• **Entries supplied**:
──────

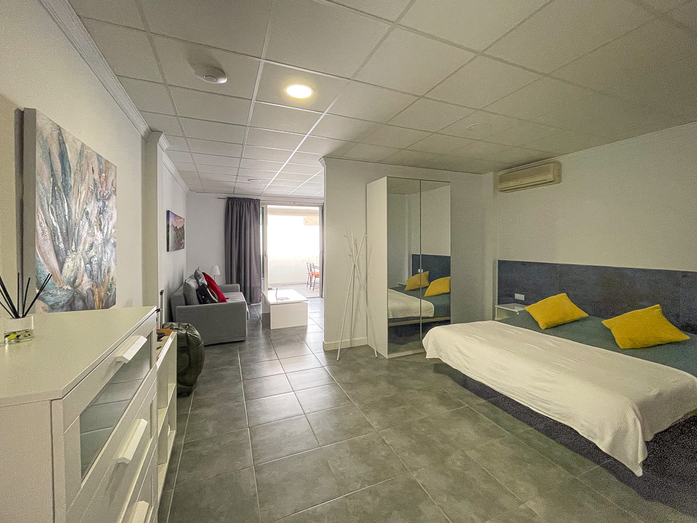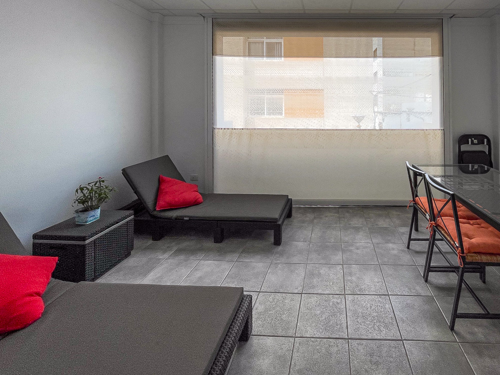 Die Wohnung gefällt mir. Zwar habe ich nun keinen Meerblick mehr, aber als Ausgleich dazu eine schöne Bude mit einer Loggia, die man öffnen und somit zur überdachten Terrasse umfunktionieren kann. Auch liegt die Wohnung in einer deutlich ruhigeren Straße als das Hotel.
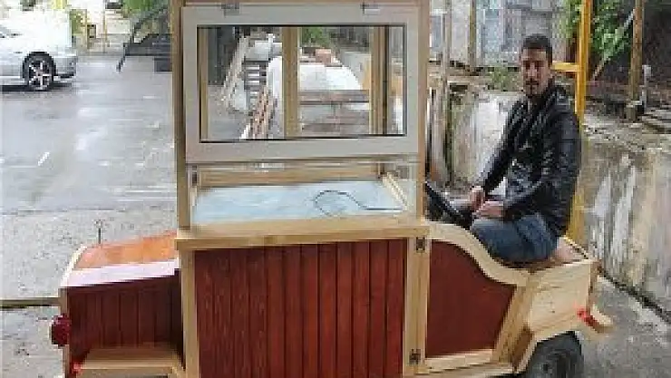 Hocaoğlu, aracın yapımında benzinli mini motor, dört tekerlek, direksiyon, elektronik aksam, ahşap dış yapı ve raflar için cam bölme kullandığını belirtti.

──────

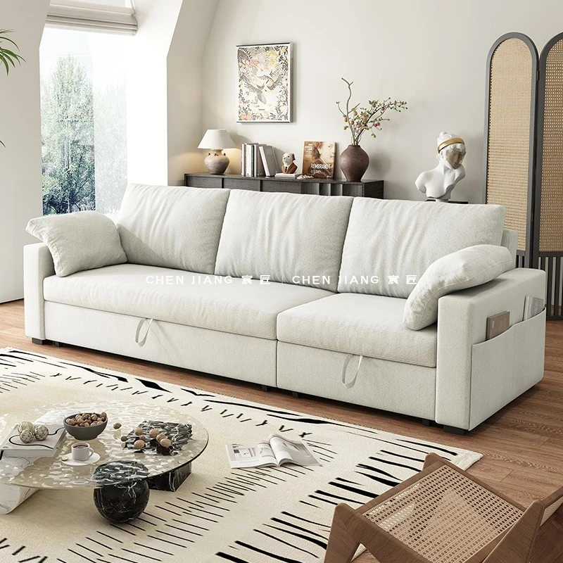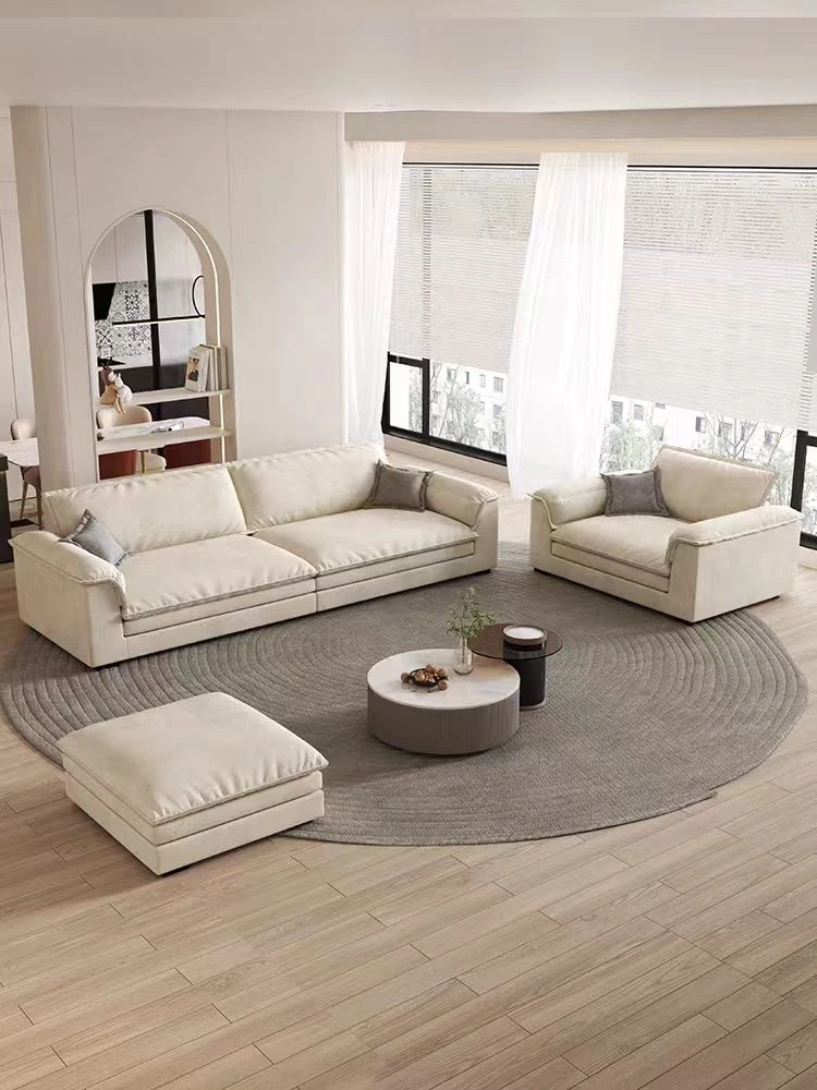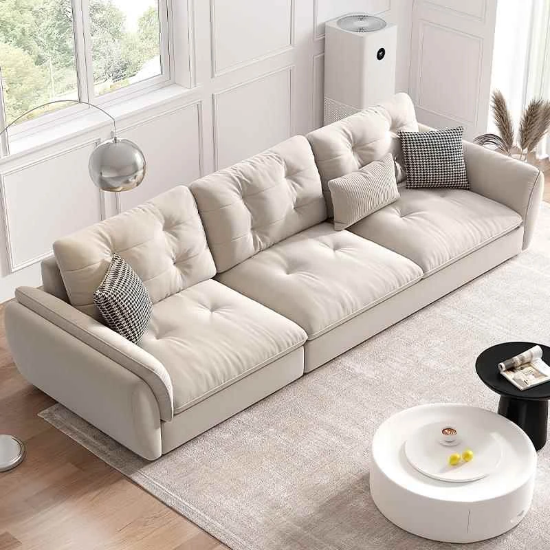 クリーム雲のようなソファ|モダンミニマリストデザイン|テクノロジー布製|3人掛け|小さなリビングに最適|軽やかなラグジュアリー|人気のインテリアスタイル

──────

• **Task objective**:
What you need to produce is an exact copy of the entries above, limited to the lines from the one with "Die Wohnung gefällt" up to and including the one with "Hocaoğlu, aracın yapımında", without pictures.

• **Task response**:
 Die Wohnung gefällt mir. Zwar habe ich nun keinen Meerblick mehr, aber als Ausgleich dazu eine schöne Bude mit einer Loggia, die man öffnen und somit zur überdachten Terrasse umfunktionieren kann. Auch liegt die Wohnung in einer deutlich ruhigeren Straße als das Hotel.
 Hocaoğlu, aracın yapımında benzinli mini motor, dört tekerlek, direksiyon, elektronik aksam, ahşap dış yapı ve raflar için cam bölme kullandığını belirtti.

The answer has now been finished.